I agree with Padraigb.  If his figures are close to the mark, this rental is making you money.  Don't focus on the fact that you are having to subsidise the mortgage every month: about €600 per month is coming off the capital of the loan so every month you're buying back a bit more of the property for yourself.  

If this subsidy is causing you financial strain then that's a different story.  You're investing in property each month and if you don't have the disposable income to do that, you have to consider that also.


----------



## pingin2 (15 Oct 2013)

Thanks very much for the replies Padraig and LD.
The subsidy isn't really causing any financial strain and up to now we haven't had too much hassle with letting the property or with tenants .
So ,in your opinions, should I hold on to the property ,as is, for now, and deal with the future in the future.
Thanks again


----------



## Steven Barrett (15 Oct 2013)

pingin2 said:


> Thanks very much for the replies Padraig and LD.
> The subsidy isn't really causing any financial strain and up to now we haven't had too much hassle with letting the property or with tenants .
> So ,in your opinions, should I hold on to the property ,as is, for now, and deal with the future in the future.
> Thanks again



If you read the first half of this thread, it's sell, sell, sell. 
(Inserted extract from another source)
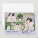 Tack för det vackra bröllop-kortet i pastelliserad lila med ett fotokollage som du kan lägga till fem av dina bröllop-foton i. Tack för att du är skriven i ett fantastiskt calligraphy-skript i högernas hörn i grund, med slingor. Lägg till datum och plats för namn och bröllop i ett teckensnitt för elegant. Baksidan är infogad så att du kan skriva ett personligt meddelande för hand.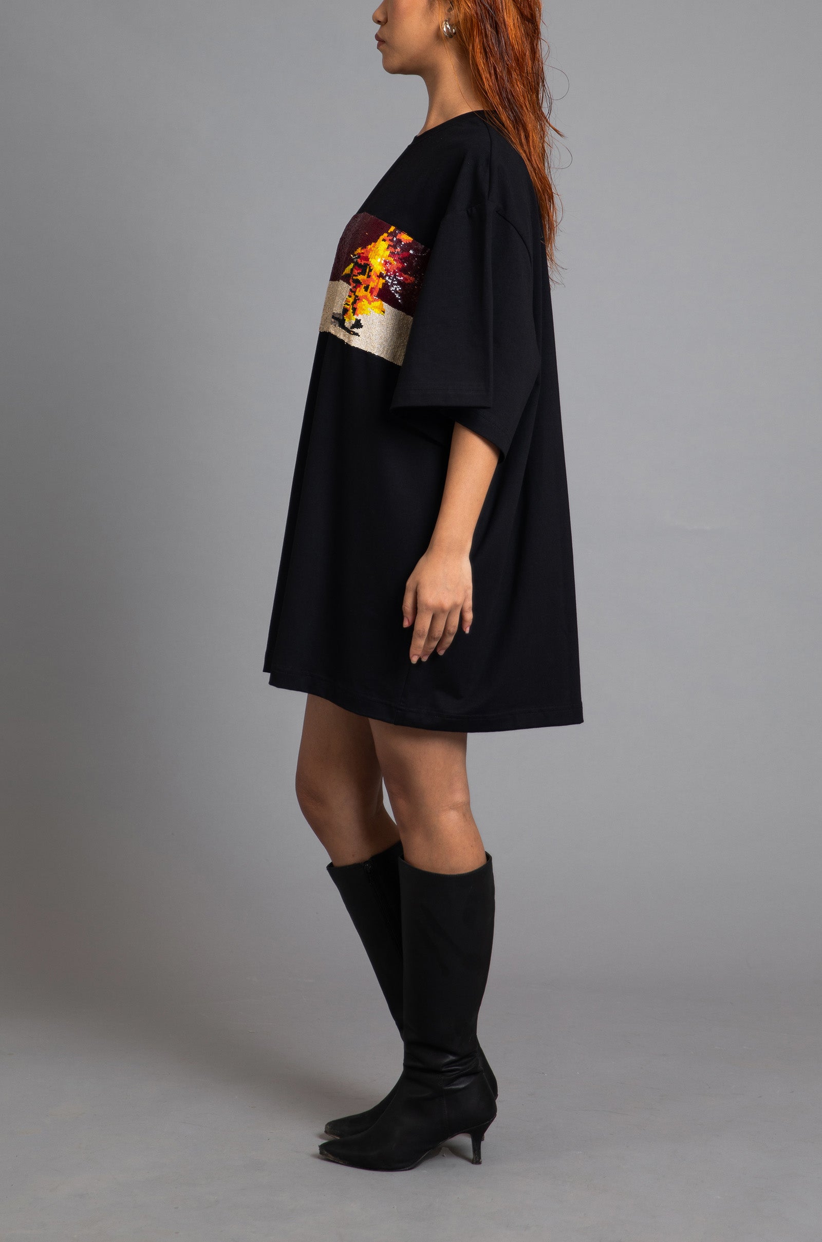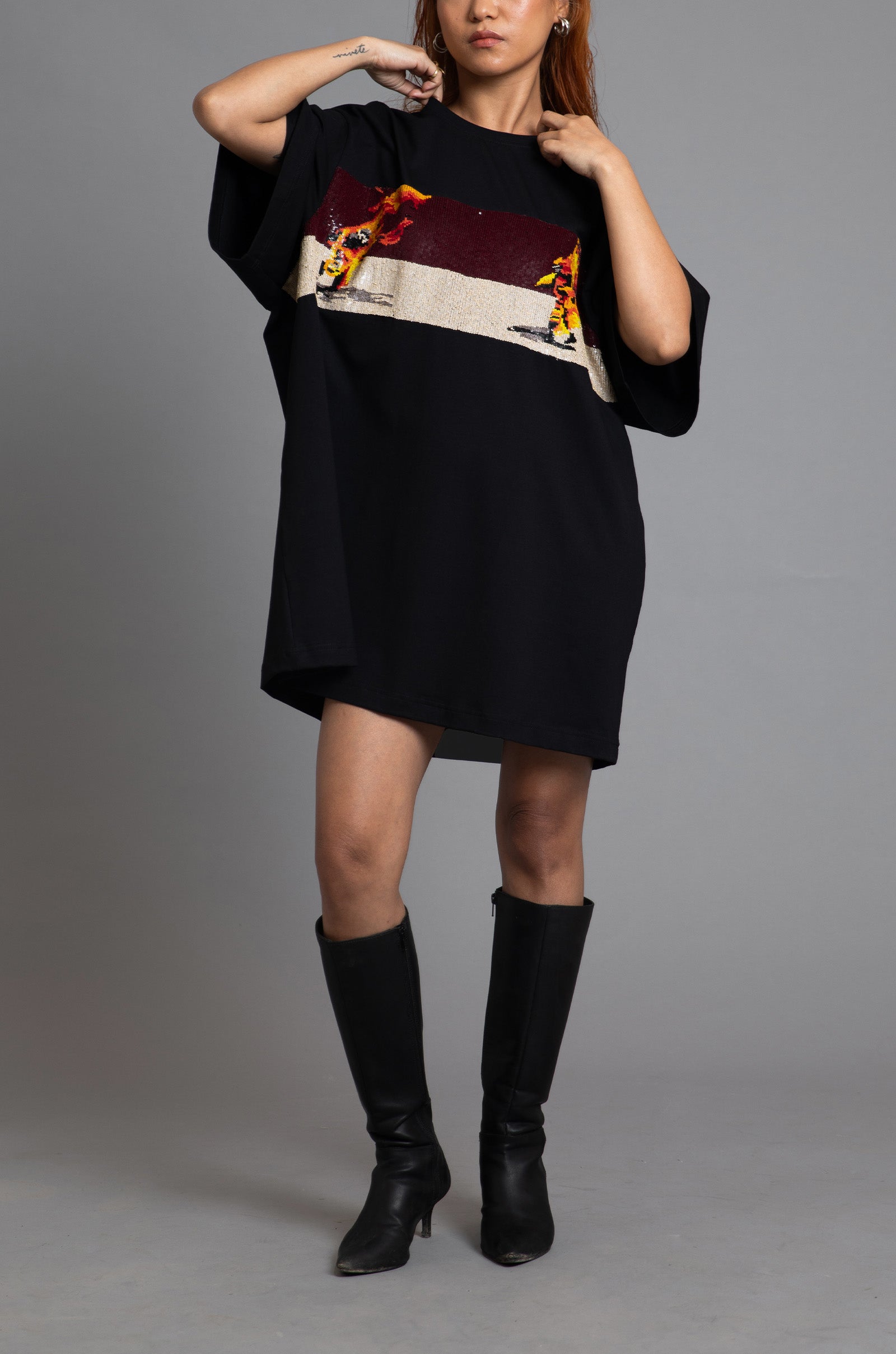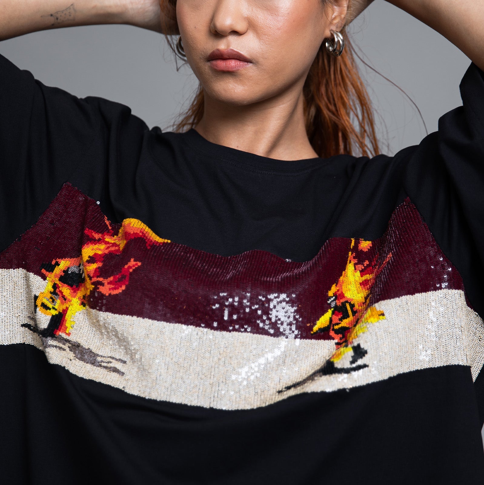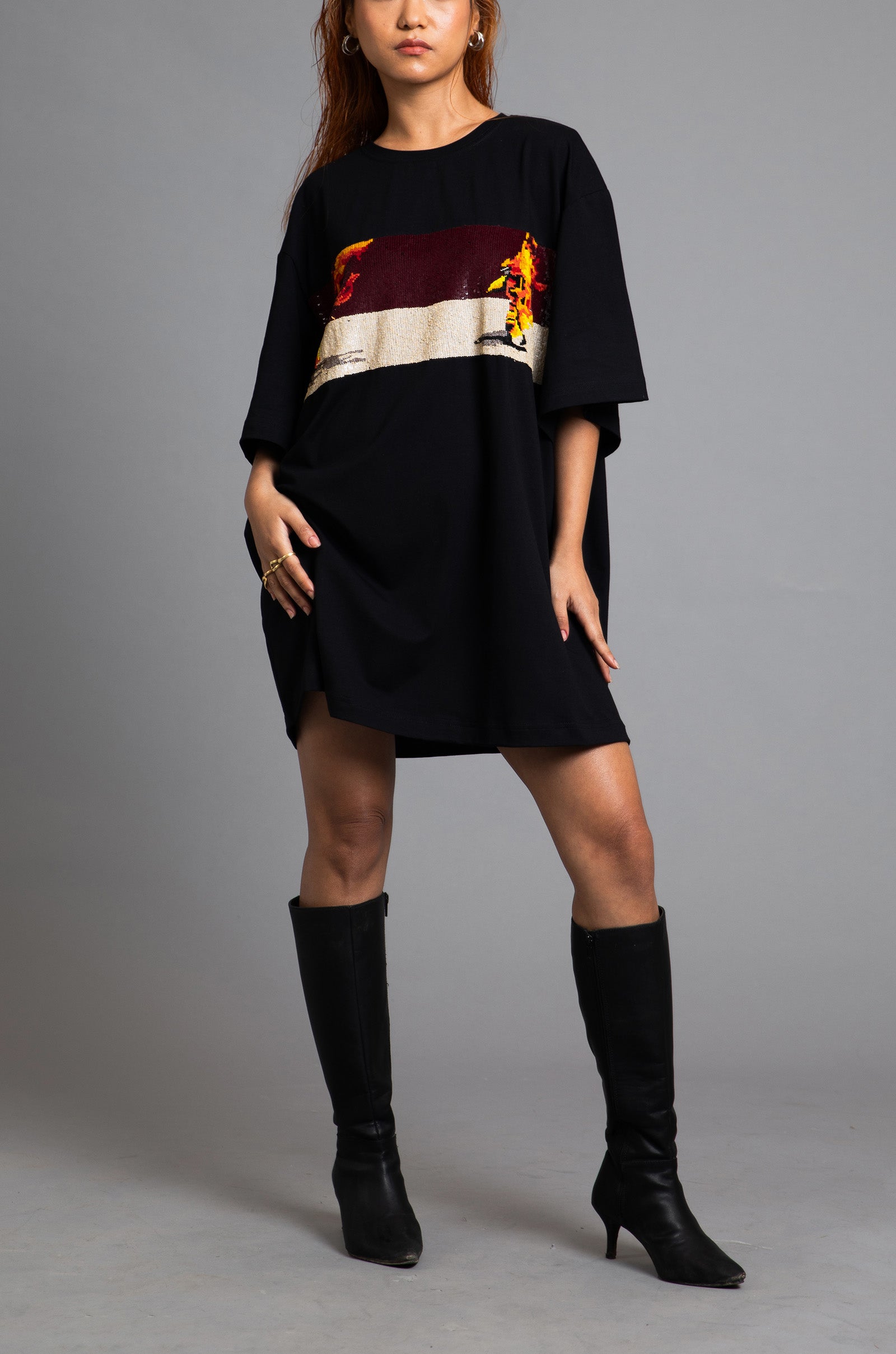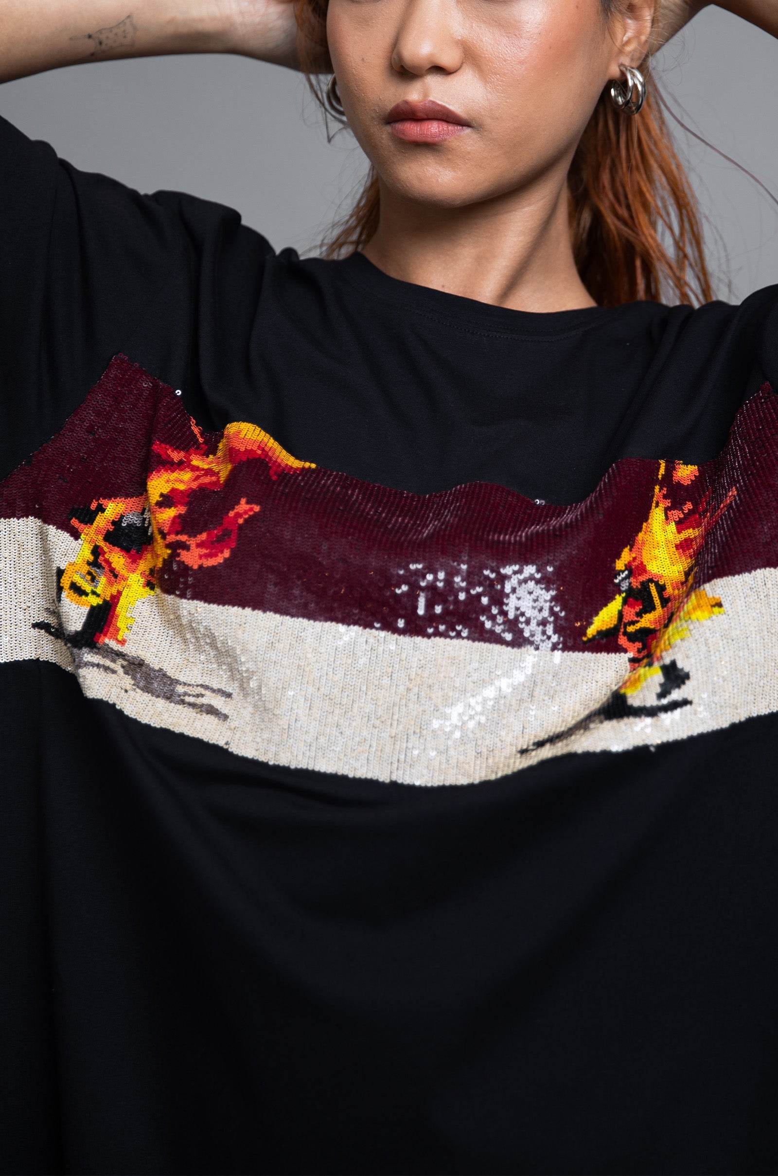 100% cotton T-shirt, Unisex- Oversized fit detailed with handcrafted, embroidered 'Burning Man' on the chest.

If you read the second half of the thread, it's keep, keep, keep.


----------



## Brendan Burgess (15 Oct 2013)

SBarrett said:


> If you read the first half of this thread, it's sell, sell, sell.
> 
> If you read the second half of the thread, it's keep, keep, keep.



You make it sound as if we are inconsistent. This is what I said 



> as he already has a house, but if he has a cheap tracker, it  might be worth keeping.
> 
> If he has a SVR mortgage, probably get rid of it.



When he turned out to have a cheap tracker, it seems right to keep it.


----------



## pingin2 (15 Oct 2013)

Would it make sense to use the 30,000 to further reduce the capital if I'm keeping the property ?
Thanks again to everybody who took the time to reply.


----------



## huskerdu (16 Oct 2013)

pingin2 said:


> Would it make sense to use the 30,000 to further reduce the capital if I'm keeping the property ?
> Thanks again to everybody who took the time to reply.



If you save the €30K you earn interest
If you pay if off the mortgage, you save by paying less interest. 

Your tracker rate is low but the interest rate that you could earn on the €30K is also low, and was reduced even further by the increase in DIRT. 

I have not done an analysis which will make you more money in the long term, but my back of the envelope estimate is that the difference between the two approaches is very small. 

The advantage of not paying off the mortqage, is that you keep control of the €30K in case you need it for something else. If you pay it off the mortgage, you lose this.


----------



## pingin2 (16 Oct 2013)

Thanks huskerdu. 
You sum it up well . I can do without the money however I'm not really sure that if I want to put it all into the property either.


----------



## Bronte (17 Oct 2013)

huskerdu said:


> my back of the envelope estimate is that the difference between the two approaches is very small.
> 
> The advantage of not paying off the mortqage, is that you keep control of the €30K in case you need it for something else. If you pay it off the mortgage, you lose this.


 

I agree that if the difference is small the OP is better off keeping the 30K.


----------